This is the first publicly available data from the project called the Extended Westerlund 1 and 2 Open Clusters Survey (EWOCS). EWOCS The project is led by astronomers at the Italian National Institute for Astrophysics in Palermo. As part of EWOCS, Chandra observed Westerlund 1 for a total of about 12 days.
Currently, only a few stars form in the Galaxy each year. But the Milky Way once formed tens to hundreds of stars per year, peaking about 10 billion years ago. Most of this occurred in massive star clusters called “superclusters,” like Westerlund 1. These clusters are young and have more than 10,000 times the mass of the Sun. Westerlund 1 is between 3 and 5 million years old.

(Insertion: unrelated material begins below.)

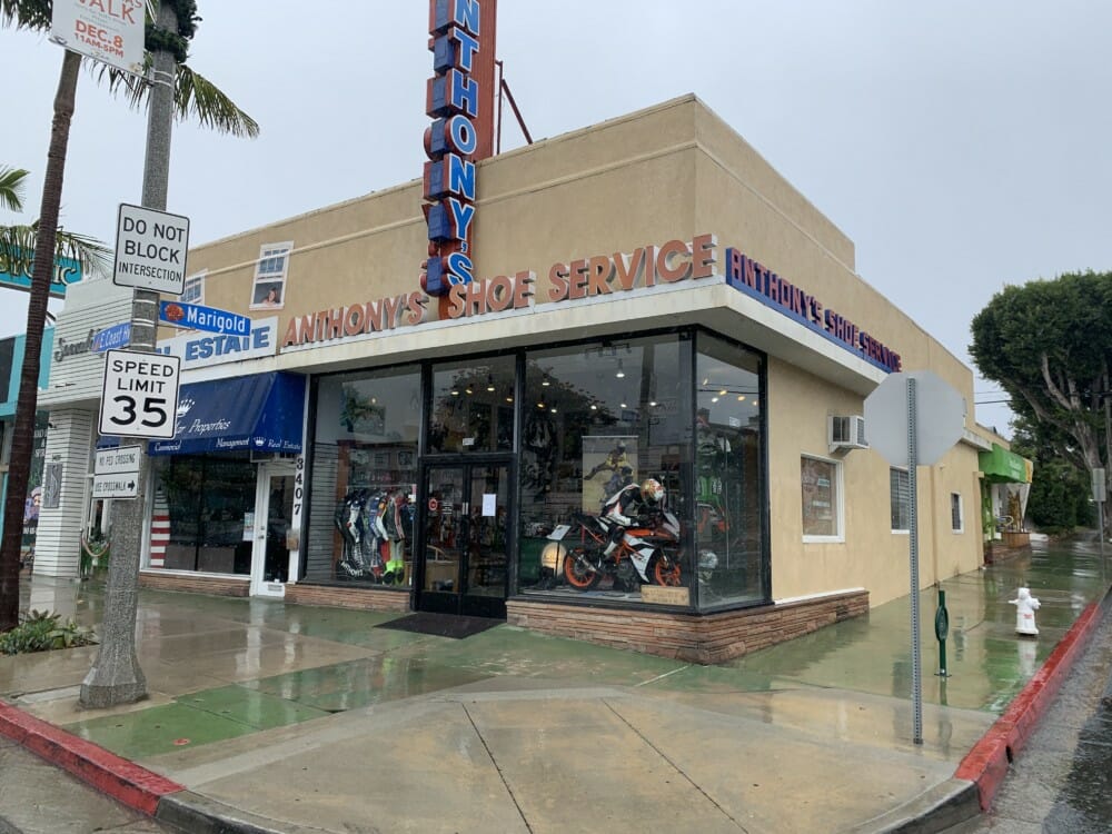 Greg Sermabeikian is the man responsible for this little biking corner of Corona Del Mar, but he also repairs anything made of leather, from Gucci handbags to wallets, pants and of course, expensive shoes. Personally, I thought my suit was going to be at least a big job, if not trashed.

The new images include deep space data from Chandra and earlier data from NASA’s Hubble Space Telescope. space Telescope. Chandra’s X-rays reveal the young stars and diffuse heated gas in the cluster. The young stars appear mostly in white and pink, while the heated gas appears in pink, green, and blue (increasing temperature). Hubble data highlights many of the stars as yellow and blue dots.
Very few superclusters exist in the Galaxy today. They give us valuable insight into the era when most of the stars in our Galaxy formed. Westerlund 1 is the largest remaining. Super Cluster It is a star in the Milky Way galaxy. It has a mass between 50,000 and 100,000 times that of the Sun and is the closest star to Earth, located about 13,000 light-years away.
These properties make Westerlund 1 an ideal target for studying the effects of supercluster environments on star and planet formation. Researchers will also be able to study the evolution of stars across a range of masses.
New Chandra data from Westerlund 1 significantly increases the number of known X-ray sources in the cluster. Previously, Chandra had detected 1,721 sources in Westerlund 1. The EWOCS data revealed about 6,000 X-ray sources, including many faint stars less massive than the Sun, giving astronomers a new population of stars to study.
One notable finding is that 1,075 stars are packed tightly within a four light-year radius of Westerlund 1’s core. To put this in perspective, four light years is the distance between our sun and our nearest neighbor.
Diffuse emission in the EWOCS data has detected for the first time a halo of hot gas around the centre of Westerlund 1, which astronomers believe is crucial for understanding the formation and evolution of the cluster and for more precisely estimating its mass.